The implementation of the carry-less multiplication is based on the algorithm used in bearssl and adapted from the RustCrypto implementation. Contrary to these implementations, I'm making use of Rust's u128 support, allowing me to skip the Rev trick described in the blog post. Originally, I wrote this code for my cryprot-core library.

Limitations

Constant-time: As the clmul64 implementation uses u128 multiplication, it will not be constant-time on targets where this multiplication is not constant-time. Especially since this implementation would require constant-time 64 x 64 -> 128 bit multiplications (e.g. MULX on x86), I'm doubtful whether this implementation would provide a performance benefit, as those targets will often have PCLMULQDQ (or equivalent) available.
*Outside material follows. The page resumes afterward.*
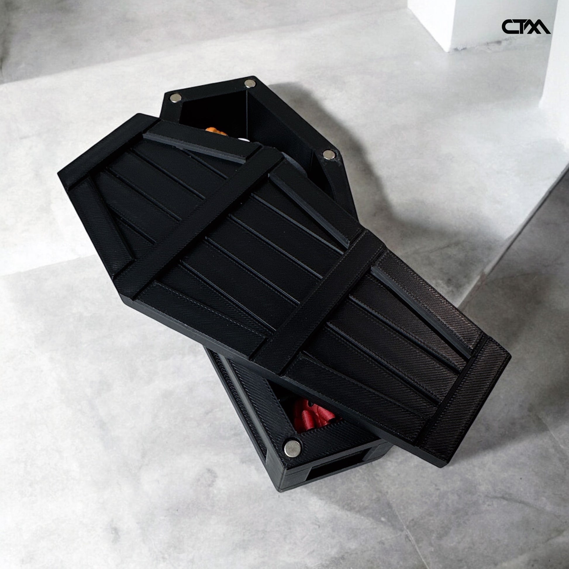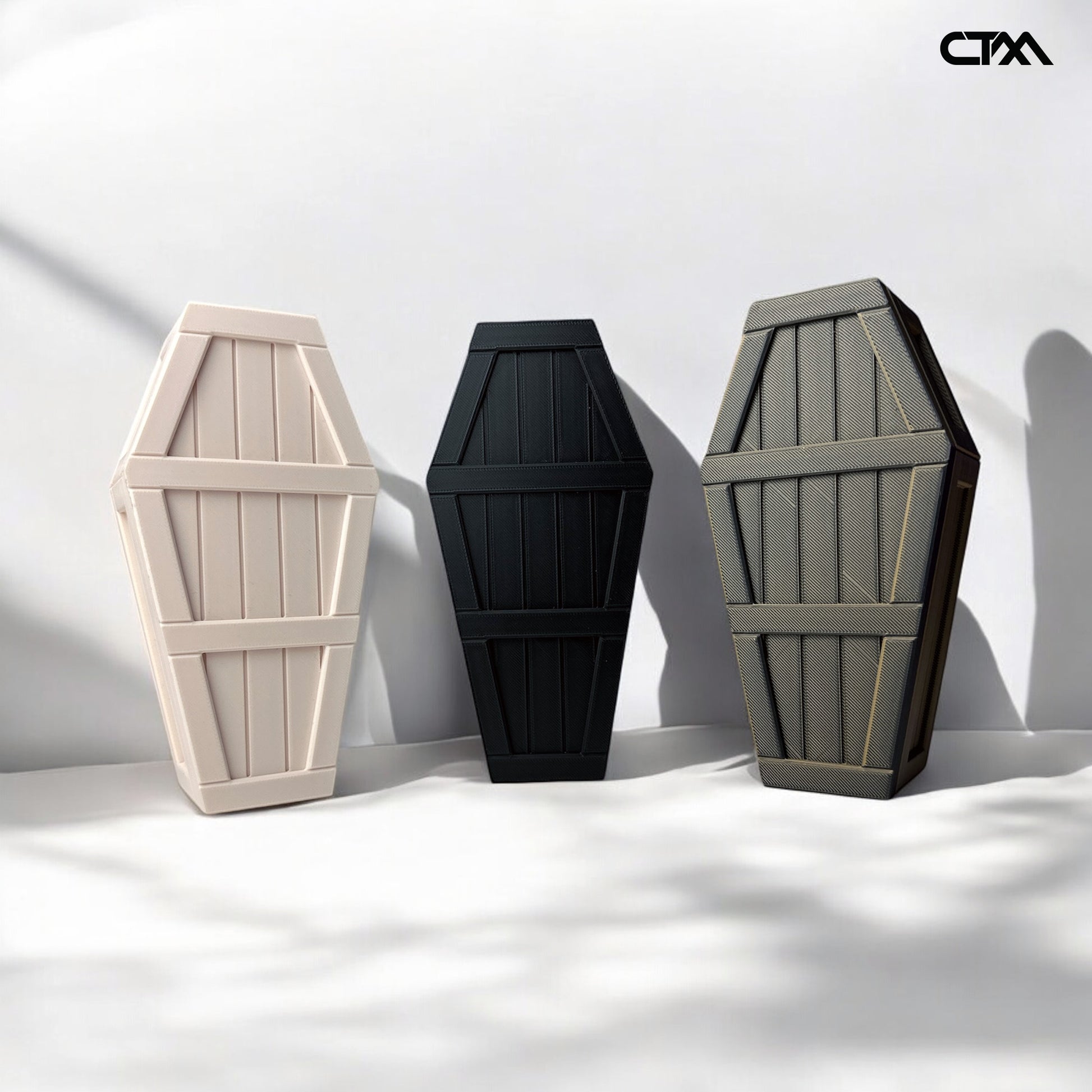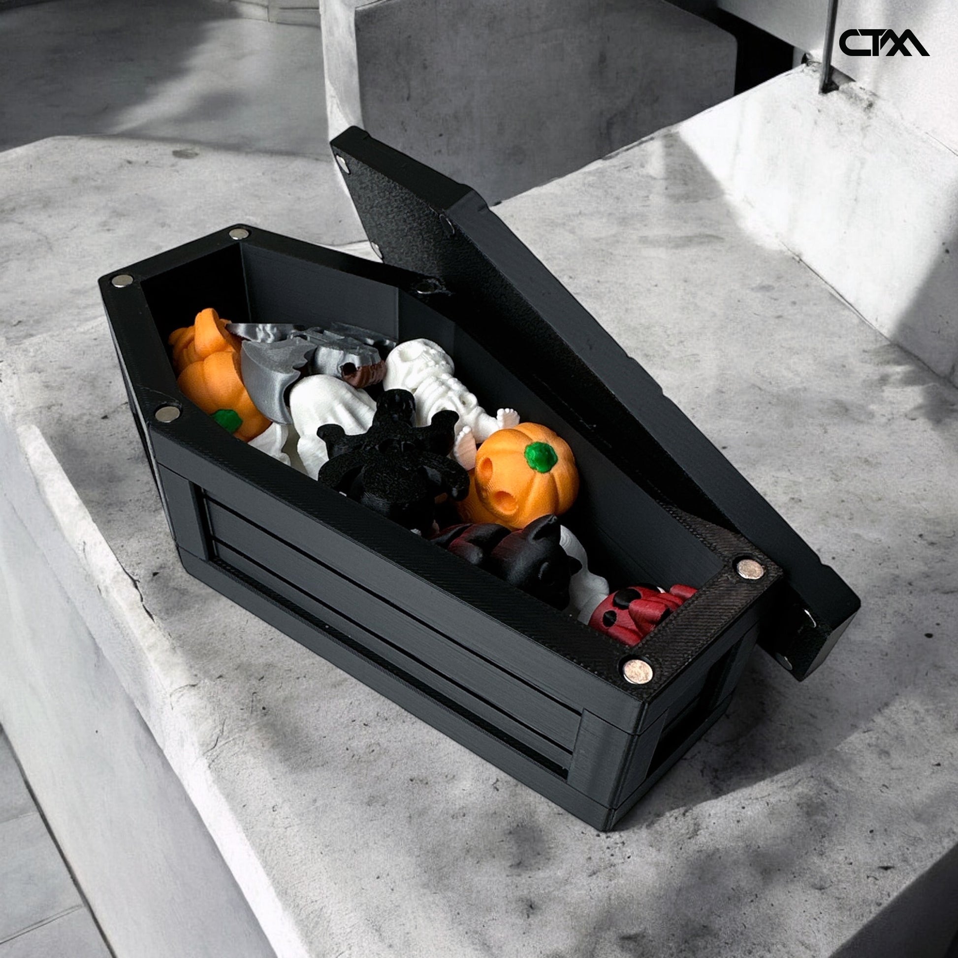 The Coffin Container combines sleek design with practical functionality. It features a magnetic lid for secure and easy closure, and with a height of 6.5 inches, it's perfect for both storage and decoration. You can purchase these chests individually or opt for our Halloween Mystery Pack, which includes 10 mini Halloween figurines hidden inside!

There might be some ARM targets which have CT MUL/UMULH instructions but don't have the crypto extensions and don't support PMULL. More information about the problem of constant-time multiplications is available here.

32-bit targets: I'm unsure how this implementation would fare on 32-bit targets compared to e.g. the optimized one in RustCrypto/universal-hashes. Some quick napkin math and godbolt experimentation suggests that my implementation should compile to less MUL instructions, but I haven't investigated this properly.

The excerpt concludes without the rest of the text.